The orangutan is the only non-human great ape living in Asia today, but this development is relatively recent because another group of primates may have evolved from Sivapithecus (Fleagle, 1999) and lived at the same time as orangutans in what are now China, India, and Vietnam (Morris, 2008). Gigantopithecus lived between 300,000 to a million years ago, and was, as its name suggests, a giant. In fact, it's the largest ape ever known, with males weighing up to 540 kg - twice as much as a male gorilla (Morris, 2008). Scientists believe Gigantopithecus fed chiefly on plants and lived on the ground, walking on all four limbs like a gorilla (Morris, 2008; Galdikas, 1999). We don't know why Gigantophithecus died out, but it's possible that early man hunted it to extinction (Galdikas, 1999; Morris, 2008).
While the orangutan lineage was evolving in Asia, the primates that led to the modern-day African great apes and humans were still in Africa. Fossil evidence of ancestral gorillas, chimpanzees, and bonobos is sparse, due to the acidity of rainforest soil, which tends to dissolve bones, but fossils of early humans found in open savannahs and genetic mapping of the human and non-human ape genome offer a clearer picture of how the other great apes evolved.

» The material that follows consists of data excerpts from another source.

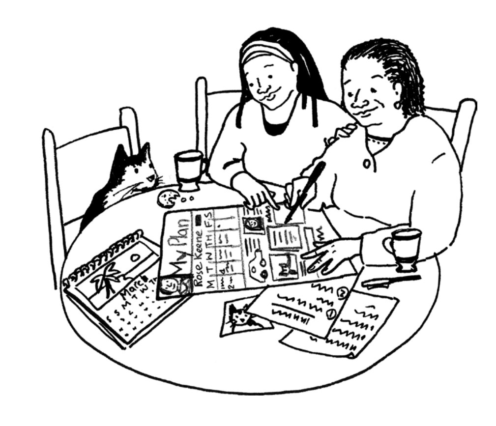
Who else can we get to help us do this plan?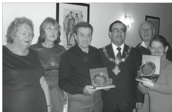
Winners Race Night 2009

We MUST stress however, that if, for whatever reason, you are unable to participate or do not feel that you can sell to others, that you are under NO OBLIGATION to do so and need not return the books to us. We fully understand that people's circumstances are different, that they may have moral or religious objections and that some of our members are less mobile than others.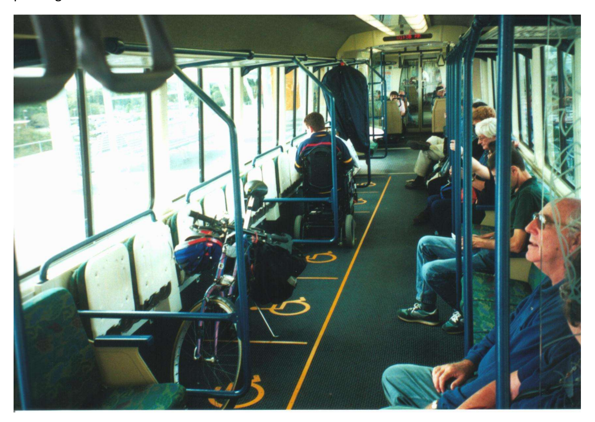
Interior of "Airport train" illustrating multi-use space flexibility.

There is space for a number of bikes and/or access vehicles/devices. Large suitcases, surfboards, etc can also be accommodated in this type of space which also provides encouragement for passengers to move into the body of the carriage rather than block the vestibule. Very large numbers of passengers can also be carried as standees.

The line that descended to modern-day gorillas is believed to have diverted from the line that chimpanzees and humans followed around 8 million years ago, with the chimpanzee lineage diverting from the human lineage at around 4 million years ago. The line that led to modern-day bonobos probably split from the chimpanzee line around 2.5 million years ago (Palmer, 2010). However, some scientists date the split between the human and chimpanzee lineages at around 7 million years, based on Kenyan fossils named Orrorin from about 6 million years ago that have distinctly human characteristics (Senut et. al., 2001).
The human (hominin) fossil collection is reasonably large, and although there is debate about the exact route the lineage from ancestral apes to humans took, the evolution from a quadruped covered in fur to the hairless bipedal ape we are today is well documented. Homo Sapiens emerged in Africa around 200,000 years ago, and spread throughout the rest of the world between 80,000-60,000 years ago (Palmer, 2010; Lockwood, 2007).
Begun, D.R. (2004). Sivapithecus is east, and Dryopithecus is west, and never the twain shall meet. Anthropological Science, 113, pp. 53-64.
Dawkins, R. (2004). The Ancestor’s Tale. Houghton Miffin, UK.
Fleagle, J.G. (1999). Primate Adaptation and Evolution- Second Edition. Elsevier Academic Press, USA.
Galdikas, B. (1999). Orangutan Odyssey. Harry N. Abrams, USA.
Lockwood, C. (2007). The Human Story. Natural History Museum, London, UK.
Palmer, D. (1999). The Marshall Illustrated Encyclopedia of Dinosaurs and Prehistoric Animals. Marshall Editions, UK.
Palmer, D. (2010). Origins- Human Evolution Revealed. Octopus Publishing Group Ltd, UK.
Redmond, I. (2008). The Primate Family Tree. Firefly Books Ltd, UK.
Senut, B., Pickford, M., Gommery, D., Mein, P., Cheboi, K. & Coppens, Y. (2001). First Hominid from the Miocene. Earth and Planetary Sciences, 332, pp. 137-144.